## ASSIGNED TASK
Copy exactly and only the lines running from the one that contains "MEP Michel Dantin, rapporteur" to the final line of the data below, without the pictures.

## DATA
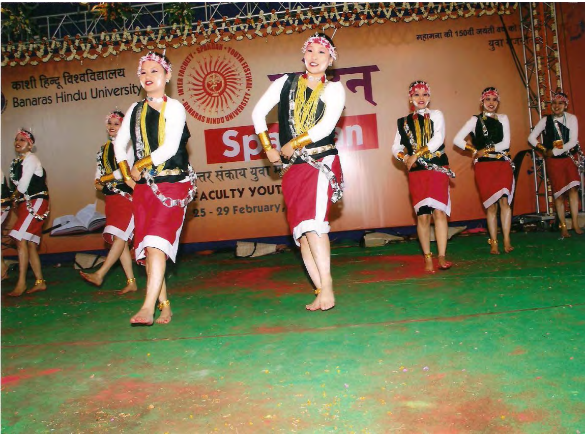
Students performing in Spandan, 2011-12. V.K.M. won I Prize in Folk Dance.
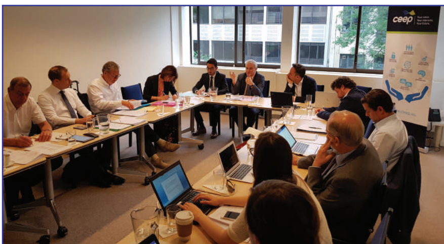
MEP Michel Dantin, rapporteur on the Drinking Water Directive at meeting of CEEP Water Task Force
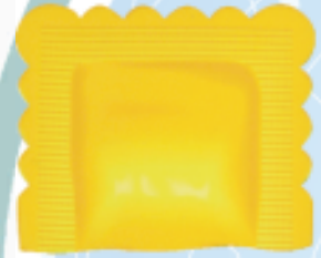
R 23 TA

## SOLUTION BELOW
MEP Michel Dantin, rapporteur on the Drinking Water Directive at meeting of CEEP Water Task Force
R 23 TA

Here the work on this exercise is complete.